- **Work to be completed**
Repeat the listing word for word. Leave every picture out.

- **Stored data**
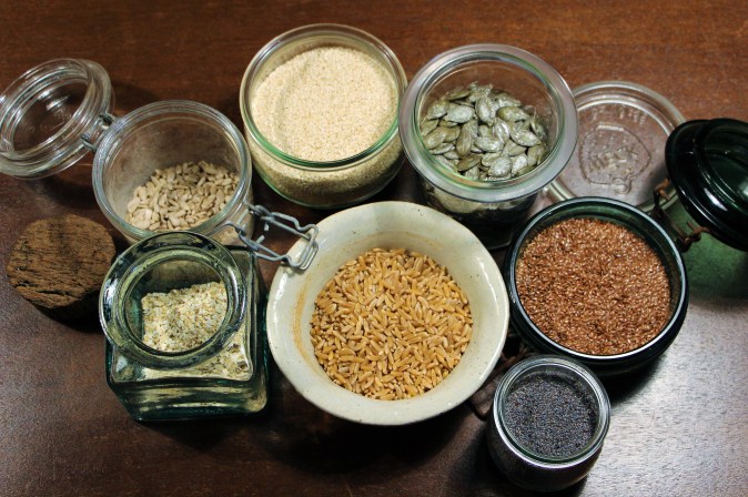Si vous êtes l’heureux propriétaire d’un Thermomix, commencez par moudre les graines d’épeautre ou de blé pendant trente secondes à la vitesse 10. Sinon, mélangez tous les ingrédients dans un grand bol et laissez reposer pendant une heure. (Dans le Thermomix mélangez pendant dix secondes vitesse 4 et à l’envers.)
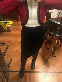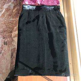 Gonna a tubino di viscosa e seta, foderata, made in Italy, taglia 42 Il taglio a matita e la vita alta la rendono un classico "rinfrescato", il colore nero e la composizione di alta qualità la rendono adatta anche ad occasioni serali "importanti"
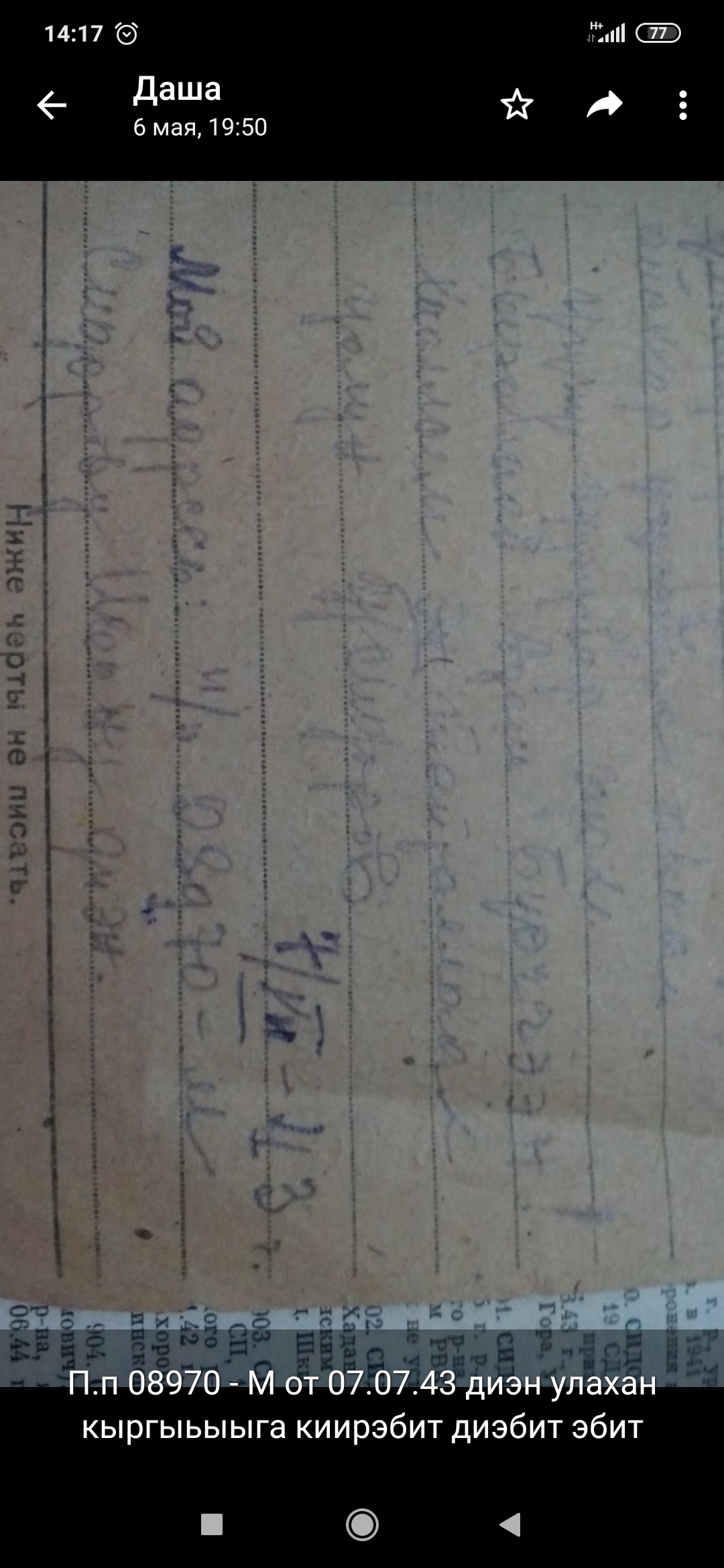 | Добрый день! Брат моего деда Сидоров Иван Петрович 1919 г.р. пропал без вести в 1943 году. Во всех официальных записях он пропал в марте 43-го года, но после этого приходили от него письма, что он жив, получил ранение. Перед боем написал письмо 7 июля 1943 г. После этого писем не было. Адрес откуда приходили письма- 2247 часть 62 и п.п. 08970-М. Хотели бы узнать к какой военной части или каким войскам принадлежал этот адрес. |
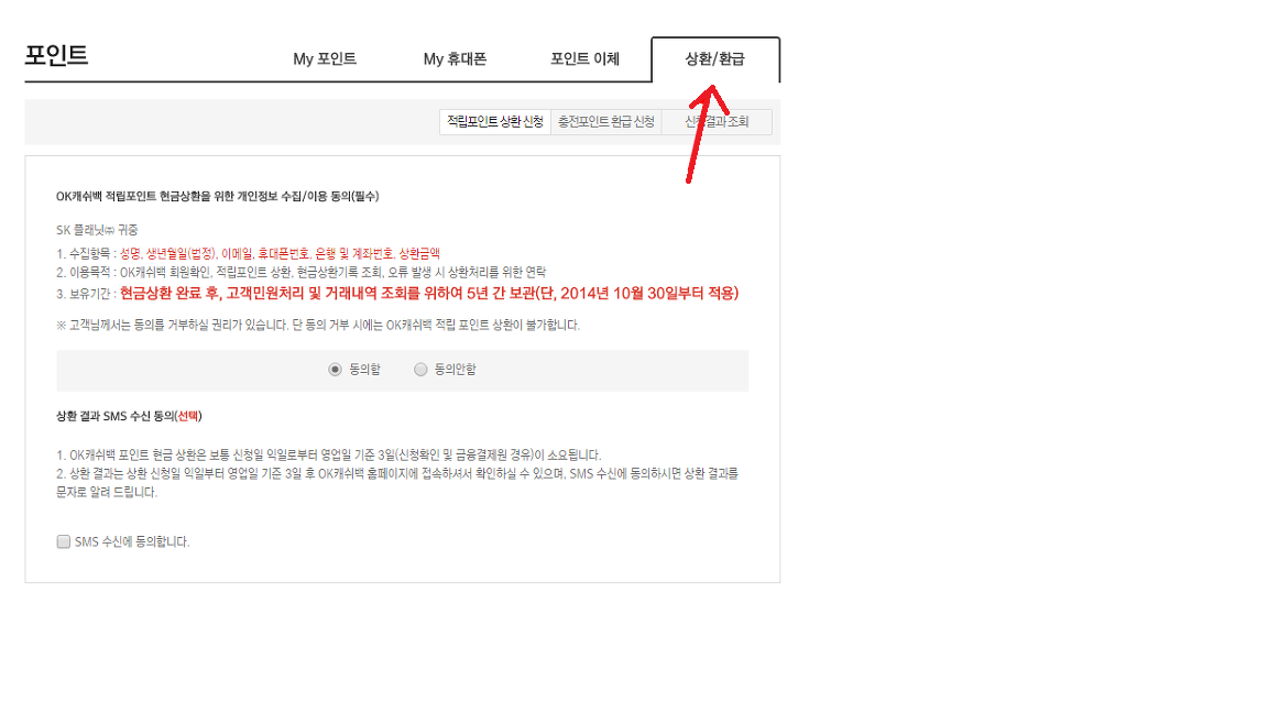 OK캐쉬백 포인트 현금전환 방법

- **Task solution**
Si vous êtes l’heureux propriétaire d’un Thermomix, commencez par moudre les graines d’épeautre ou de blé pendant trente secondes à la vitesse 10. Sinon, mélangez tous les ingrédients dans un grand bol et laissez reposer pendant une heure. (Dans le Thermomix mélangez pendant dix secondes vitesse 4 et à l’envers.)
 Gonna a tubino di viscosa e seta, foderata, made in Italy, taglia 42 Il taglio a matita e la vita alta la rendono un classico "rinfrescato", il colore nero e la composizione di alta qualità la rendono adatta anche ad occasioni serali "importanti"
 | Добрый день! Брат моего деда Сидоров Иван Петрович 1919 г.р. пропал без вести в 1943 году. Во всех официальных записях он пропал в марте 43-го года, но после этого приходили от него письма, что он жив, получил ранение. Перед боем написал письмо 7 июля 1943 г. После этого писем не было. Адрес откуда приходили письма- 2247 часть 62 и п.п. 08970-М. Хотели бы узнать к какой военной части или каким войскам принадлежал этот адрес. |
 OK캐쉬백 포인트 현금전환 방법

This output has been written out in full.